> **Work required**
All of the data must be output exactly, with every picture left out.

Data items

>>

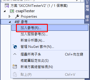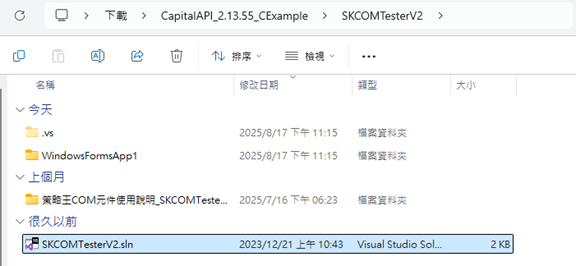 開啟範例目錄內的 \SKCOMTesterV2\SKCOMTesterV2.sln
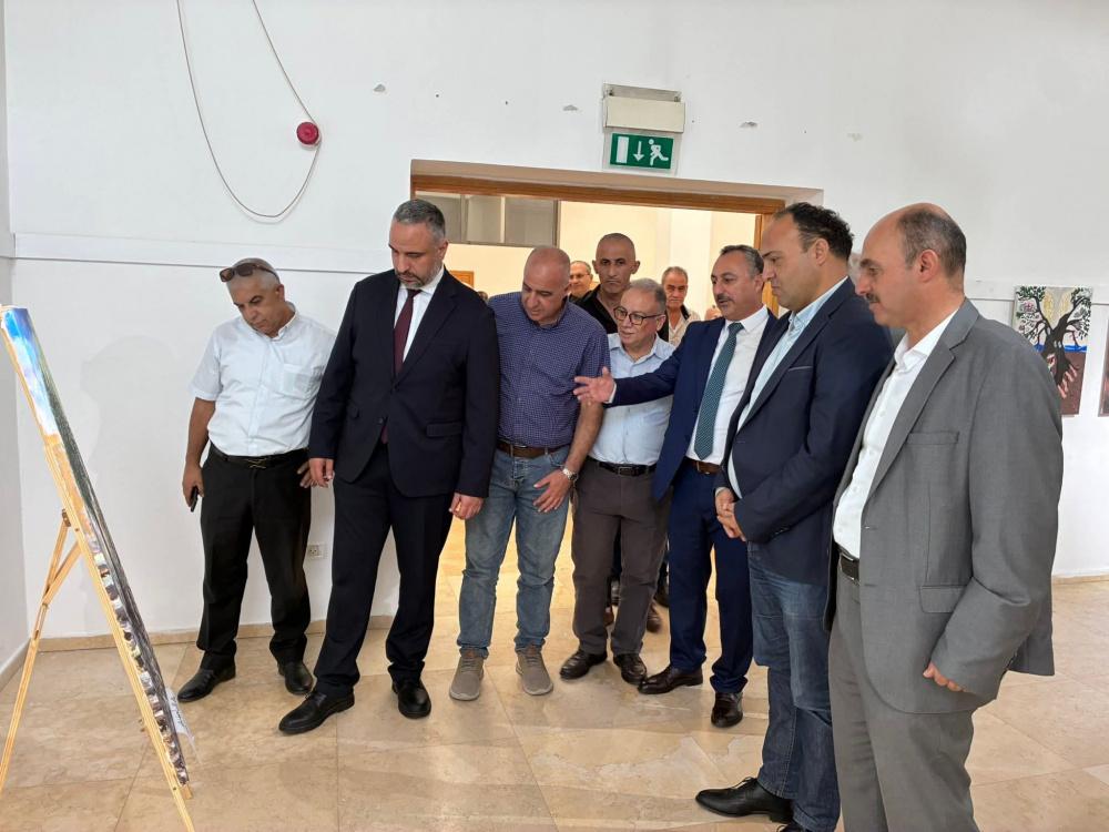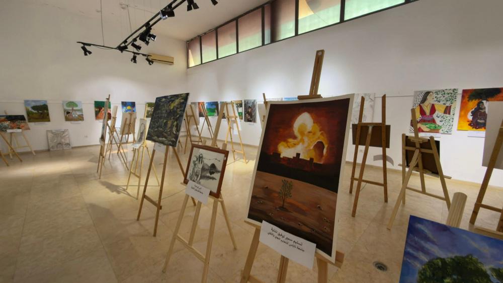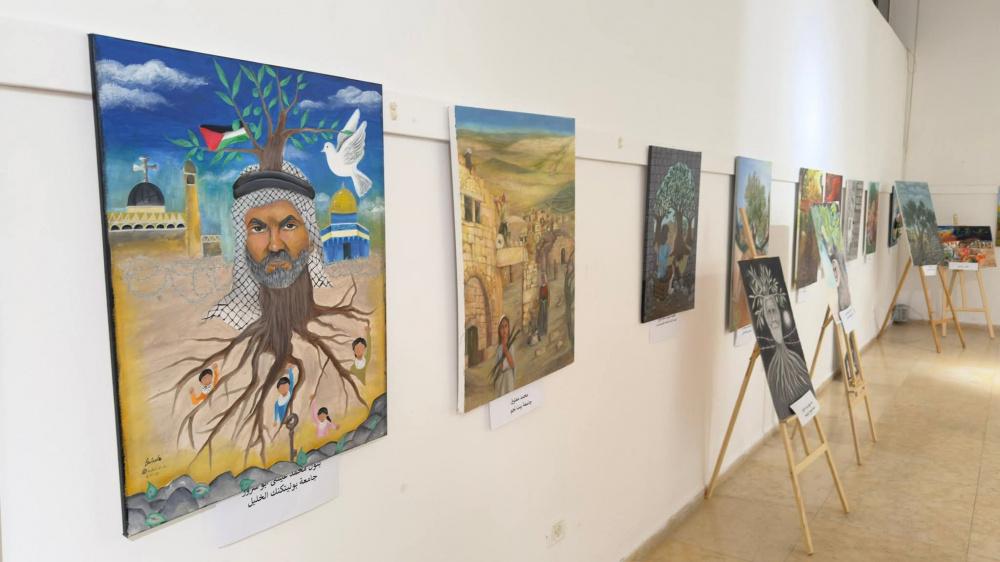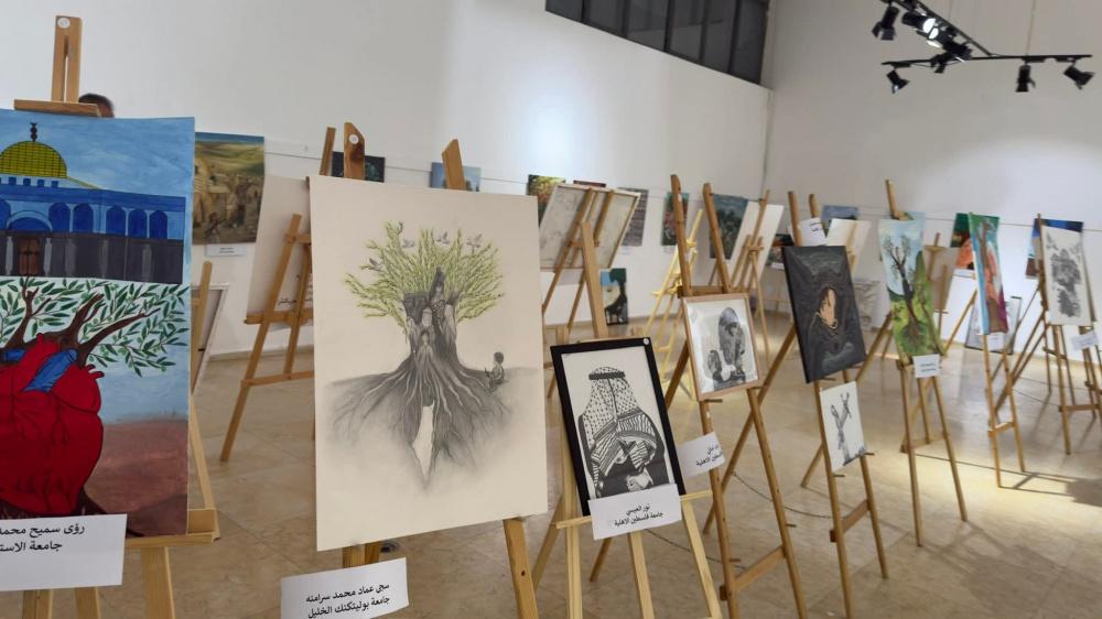 وتجول المشاركون في المعرض الفني لمسابقة (باقون كجذور الزيتون) لطلبة مؤسسات التعليم العالي، الذي نظم بالشراكة مع وزارة التربية والتعليم العالي مع 11 جامعة، وشمل 91 لوحة.
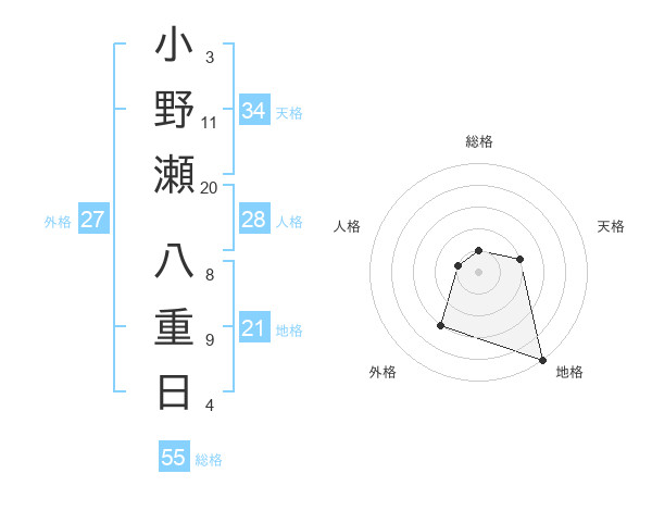 小野瀬 八重日さんを姓名の画数から五運を鑑定
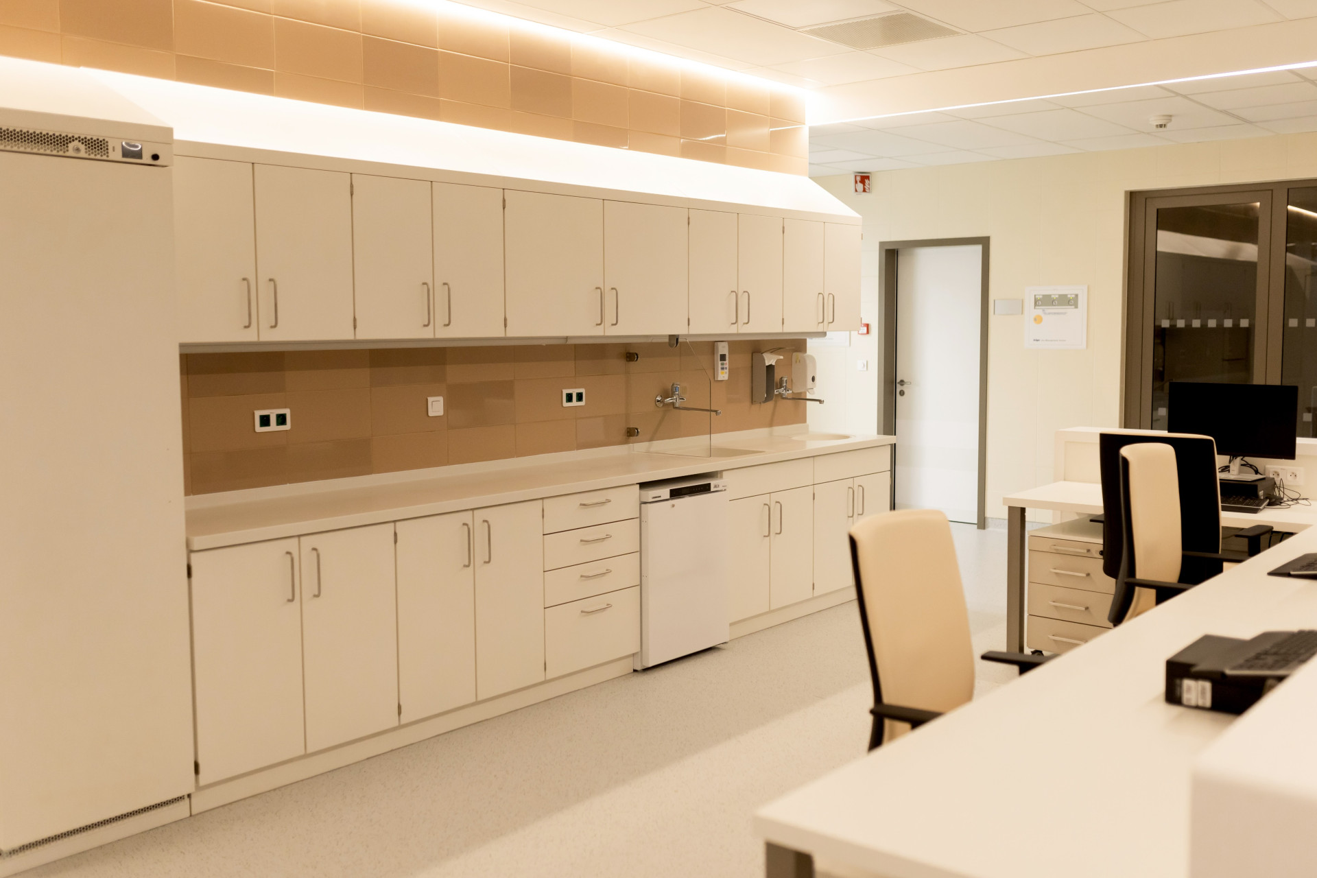 Dalším ze základních požadavků je bezpečnost, tedy protiskluznost podlah. Ta je v zaměstnanecké části pavilonu zajištěna dle norem na úrovni R10/B v podobě béžových dlaždic formátu 60 x 60 cm série Extra od RAKO. „Extra nabízí povrch s protiskluzností R10/B, který je zároveň dobře čistitelný. Velkoformátové řešení 60 x 60 cm pak vychází vstříc požadavkům hygieny na minimalizaci spár podlahy, ve kterých se drží nečistoty, hůře se udržují a dezinfikují,“ podotýká Martin Franěk.
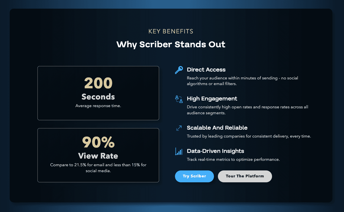 Consider this key benefits statistics section we developed. Instead of cluttering the design with unnecessary graphics, it uses clean data visualization to communicate key information effectively:
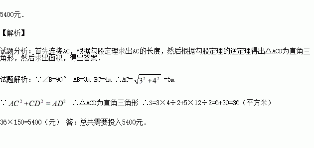 某开发区有一空地ABCD,如图所示,现计划在空地上种草皮,经测量,∠B=90°,AB=3m,BC=4 m,AD=13 m,CD=12 m,若每种植1平方米草皮需要150元,问总共需要投入多少元?
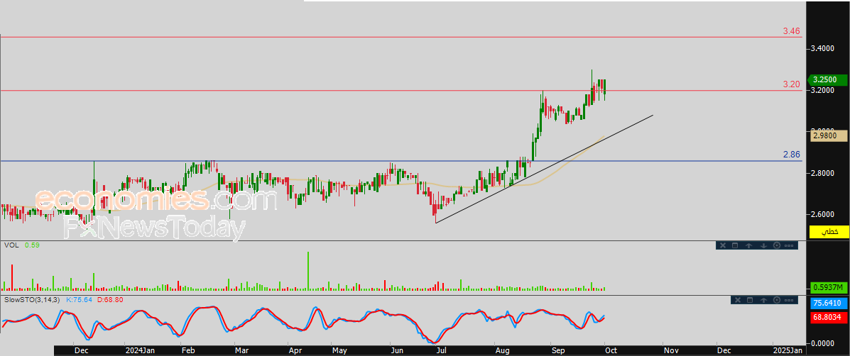 لهذا تشير توقعاتنا إلى المزيد من الصعود لسعر السهم خلال تداولاته القادمة، خاصة طيلة استقراره أعلى مستوى 3.20، ليستهدف مستوى المقاومة 3.45.
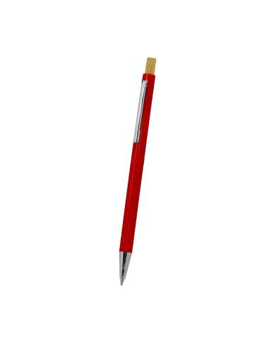 Elegante bolígrafo con pulsador fabricado en bambú. Cuerpo en resistente ABS, clip metálico, con mecanismo pulsador y en tinta azul.Materiales como el bambú fomentan la utilización de materias primas naturales, reduciendo las emisiones contaminantes. Proviene de una planta de gran resistencia y versatilidad, con crecimiento y regeneración rápidos, siendo una excelente alternativa al uso de madera tradicional.
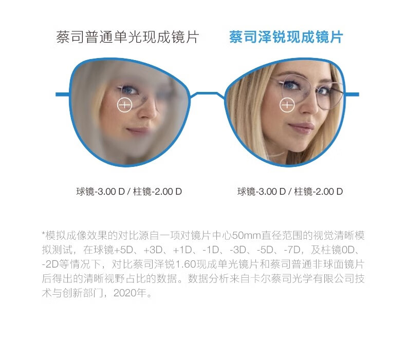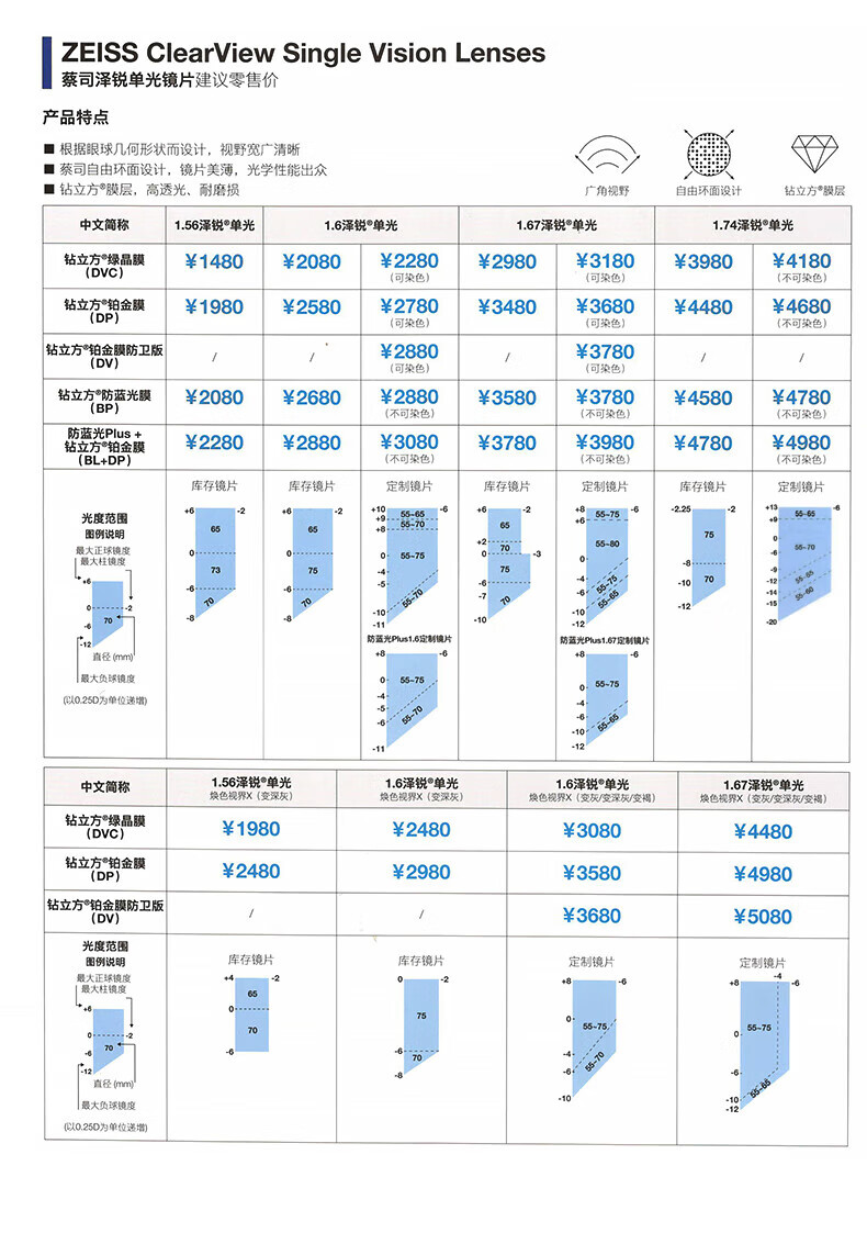 蔡司(ZEISS)泽锐1.67钻立方防蓝光Plus铂金膜现片1片 近视镜片配镜

<<

> **Solution**
 開啟範例目錄內的 \SKCOMTesterV2\SKCOMTesterV2.sln
 وتجول المشاركون في المعرض الفني لمسابقة (باقون كجذور الزيتون) لطلبة مؤسسات التعليم العالي، الذي نظم بالشراكة مع وزارة التربية والتعليم العالي مع 11 جامعة، وشمل 91 لوحة.
 小野瀬 八重日さんを姓名の画数から五運を鑑定
 Dalším ze základních požadavků je bezpečnost, tedy protiskluznost podlah. Ta je v zaměstnanecké části pavilonu zajištěna dle norem na úrovni R10/B v podobě béžových dlaždic formátu 60 x 60 cm série Extra od RAKO. „Extra nabízí povrch s protiskluzností R10/B, který je zároveň dobře čistitelný. Velkoformátové řešení 60 x 60 cm pak vychází vstříc požadavkům hygieny na minimalizaci spár podlahy, ve kterých se drží nečistoty, hůře se udržují a dezinfikují,“ podotýká Martin Franěk.
 Consider this key benefits statistics section we developed. Instead of cluttering the design with unnecessary graphics, it uses clean data visualization to communicate key information effectively:
 某开发区有一空地ABCD,如图所示,现计划在空地上种草皮,经测量,∠B=90°,AB=3m,BC=4 m,AD=13 m,CD=12 m,若每种植1平方米草皮需要150元,问总共需要投入多少元?
 لهذا تشير توقعاتنا إلى المزيد من الصعود لسعر السهم خلال تداولاته القادمة، خاصة طيلة استقراره أعلى مستوى 3.20، ليستهدف مستوى المقاومة 3.45.
 Elegante bolígrafo con pulsador fabricado en bambú. Cuerpo en resistente ABS, clip metálico, con mecanismo pulsador y en tinta azul.Materiales como el bambú fomentan la utilización de materias primas naturales, reduciendo las emisiones contaminantes. Proviene de una planta de gran resistencia y versatilidad, con crecimiento y regeneración rápidos, siendo una excelente alternativa al uso de madera tradicional.
 蔡司(ZEISS)泽锐1.67钻立方防蓝光Plus铂金膜现片1片 近视镜片配镜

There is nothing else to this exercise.